Input Output Buffer formatting

I’m trying to inference a YoloV2 network.
With input shape (1,608,608,3) and output shape (1, 19, 19, 5, 6). NHWC formatting, there are sufficient transpose layers on in/out for this.

I am preparing the image buffer as follows: Where device buffer is a void*[2] passed to the function as void* (&buffer)[2]. Note the input mat is a RGB not BGR formatted mat.
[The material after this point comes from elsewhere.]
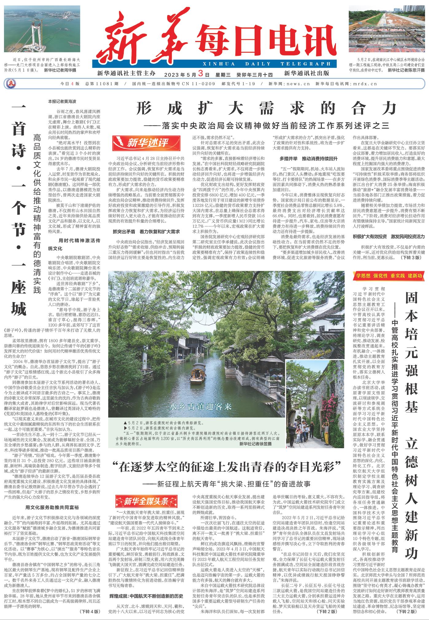 | ( 2023-05-03 ) 稿件来源:新华每日电讯 要 闻 |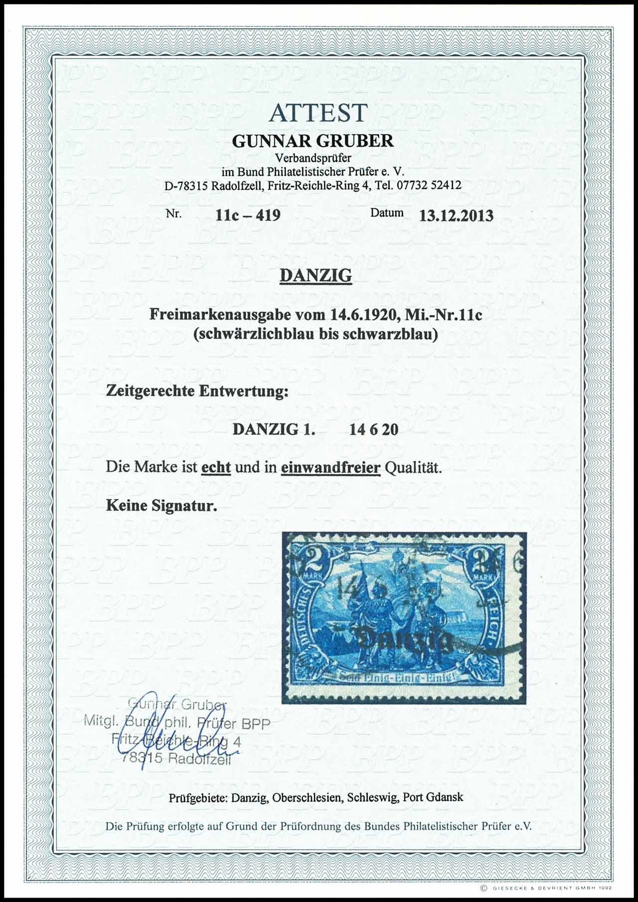 2 Mark Deutsches Reich mit Buchdruck-Aufdruck "Danzig", schwärzlichblau, seltene Farbvariante, gestempelt, zeitgerecht "DANZIG 1. 14 6 20", tadellose Erhaltung, Fotoattest Gunnar Gruber BPP (2013), "echt und einwandfrei", Mi. 1.800.-

    cv::cuda::GpuMat flMat;
    cv::cuda::resize(irImg, irImg, cv::Size(608,608), 0, 0, cv::INTER_CUBIC);
    irImg.convertTo(flMat, CV_32FC3);
    cv::cuda::divide(flMat, 255.0, flMat);
     float* devicePtr;
    cudaMalloc(&devicePtr, bufferSize[0]);
    cv::cuda::GpuMat deviceMat(mat.rows, mat.cols, CV_32FC3, devicePtr);
    mat.copyTo(deviceMat);
    cudaError_t err = cudaMemcpy(deviceBuffer[0], devicePtr, bufferSize[0], cudaMemcpyDeviceToDevice);
    if (err != cudaError::cudaSuccess) {
        DLOG(INFO) << "Buffer load failed: " << err;
        return false;
    }
    cudaFree(devicePtr);

I think execute inference using the void*[2] in/out buffer and attempt to decode the output using a 3D for loop over the 19,19,5 dims.

The indexing for the output is calculated using, where i is the 5th dim on the output shape above:

dim.d[1] * (dim.d[2]*(dim.d[3]*r+c)+b)+i

With the loop looking like:

for (int r = 0; r < dataDim.d[1]; r++) {
for (int c = 0; c < dataDim.d[2]; c++) {
for (int b = 0; b < dataDim.d[3]; b++) {
float tp = data[calculateIdx(r,c,b,4,dataDim)];
float prob = sigmoid(tp);
if (prob < 0.5f) { continue; }

The decoded output is completely incorrect, almost all grids return sufficient detection probability.
Any thoughts would be appreciated